Would you buy a used treaty from these people?
REUTERS

Would you buy a used treaty from these people?

This must be the biggest collection of scoundrels in the world. There are 27 of them. No, more: It's not just the heads of state and government who are here, but also the foreign ministers. Sitting there at their enormous table, they seem to be chatting amiably, but it's far less innocent than that. They're plotting something, once again, searching for a way to put one over -- and a really big one, this time -- on the people they represent. They've been working on it for a long time, picking up where their predecessors left off. Again and again, they trick their populations into accepting the European Union.
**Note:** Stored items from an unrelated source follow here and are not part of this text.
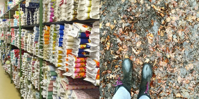 Schöne Stoffe, so weit das Auge reicht! Auf der Swafing Hausmesse kann ich mich kaum entscheiden, welche Ballen ich mit nach Hause nehmen soll. / Mistwetter!
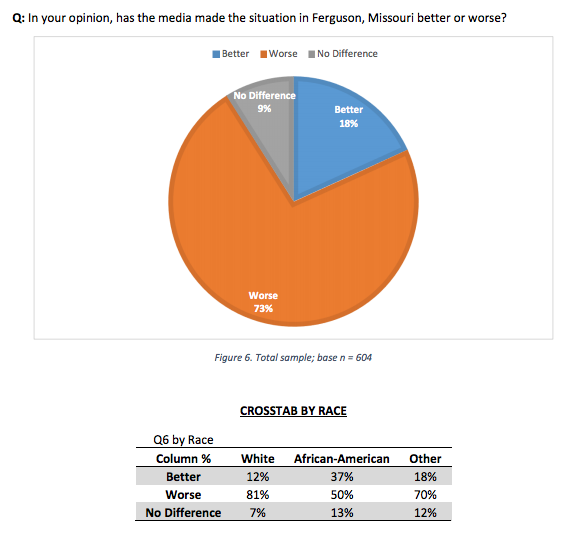 The St. Louis Post-Dispatch reported, 77% of white respondents believed that Brown was not “targeted because of his race,” while 65% of African-American respondents believe his race played a role in his death.
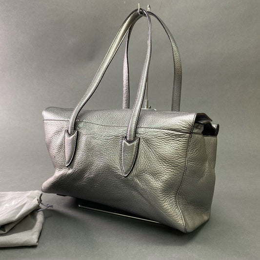 Gb12 Max Mara マックスマーラ ポーチ付き メタリック レザートートバッグ シルバー Leather ハンドバッグ 鞄 イタリア製
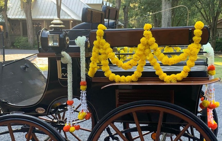 For a wedding, of course decorations are mandatory! Here, we see the carriage decorations are complete and we’re ready to hitch up the horses.
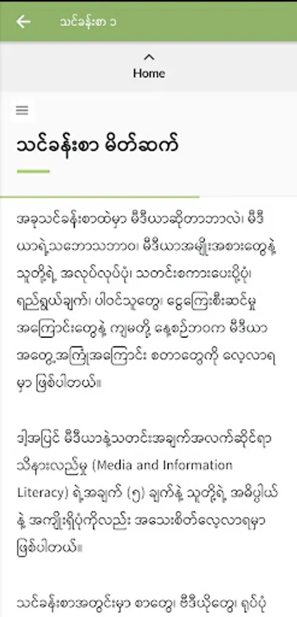 This application is developed with the aim to educate young adult users in Myanmar with media and information literacy (MIL) training. The course contains five modules covering,
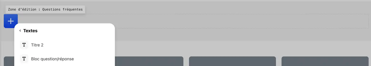 Astuce : Pour gagner du temps, vous pouvez dupliquer un bloc existant en cliquant sur le bouton bleu "⊞" situé à droite de la section. Il vous suffira ensuite de modifier la copie selon vos besoins.
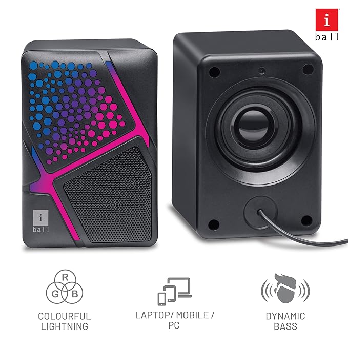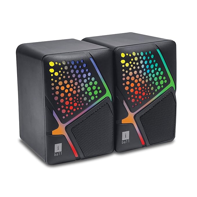 iBall Disco 18 RGB Speaker: 2.0 USB-powered gaming multimedia speaker with 6W RMS stereo sound and dynamic bass. Features vibrant RGB LED lights for an immersive experience and a 3.5mm aux input for easy connectivity to laptops, PCs, and smartphones. Includes a volume control for convenient sound adjustment. Perfect for gaming and parties.
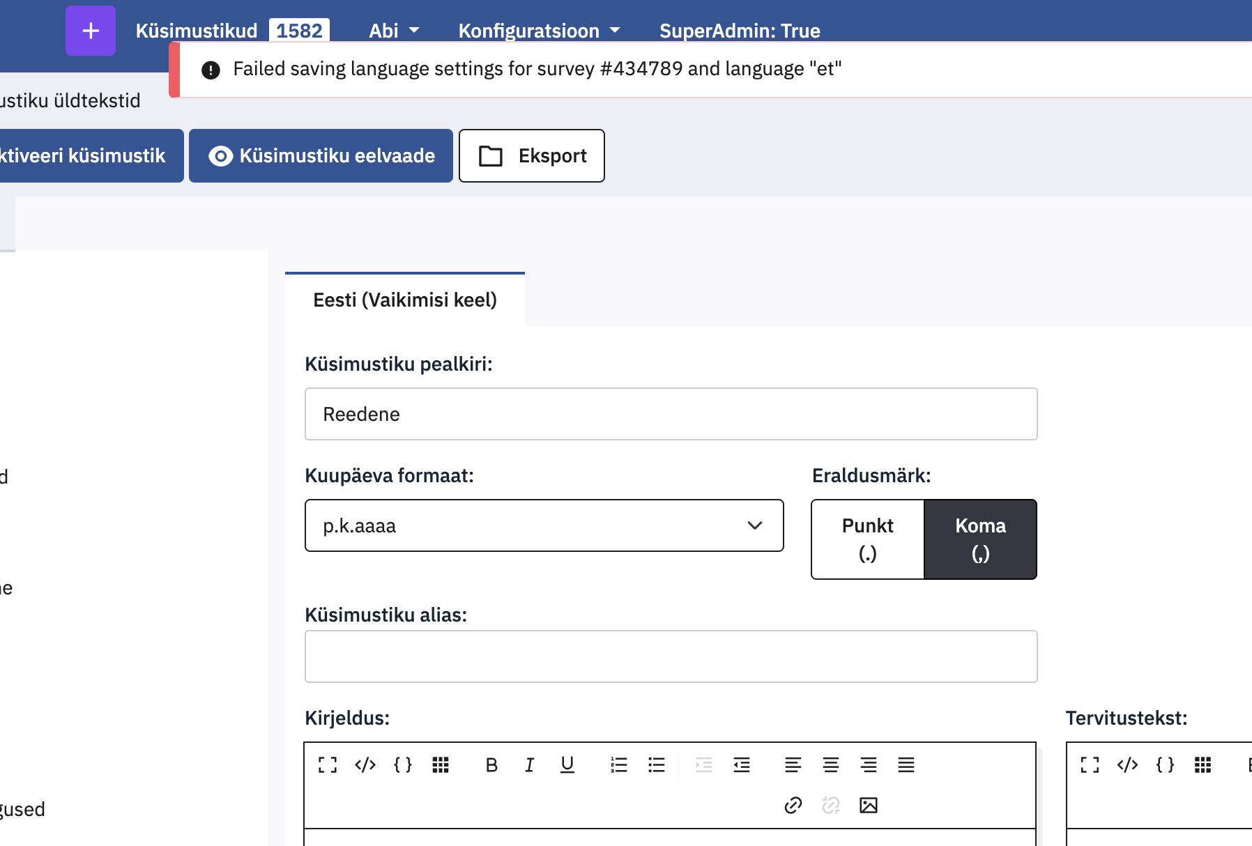 | Description | String in question: https://github.com/LimeSurvey/LimeSurvey/blob/bfc3bc24d902823014f547771d28a97404909a98/application/models/services/SurveyAggregateService/LanguageSettings.php#L136. | ||||

It's been going on for 50 years: politicians making policy against the people. The only time anyone ever notices is when the people -- one people, in this case -- are asked for their opinion. It happened in Ireland recently, when the Irish made it clear that they refuse to accept the politics of scoundrels. They voted against the Lisbon Treaty, and in doing so they plunged the EU into yet another of its many crises.

It was the big topic at the meeting of the European Council last Thursday and Friday, when the heads of state and government got together, hoping to devise a way out of their current impasse, a way that would enable them to continue making policy against the people without the people noticing what they are up to.

What they were in fact discussing was a handful of tricks, tricks involving lawyers, tricks that would enable them to palm the Lisbon Treaty off on the Irish after all.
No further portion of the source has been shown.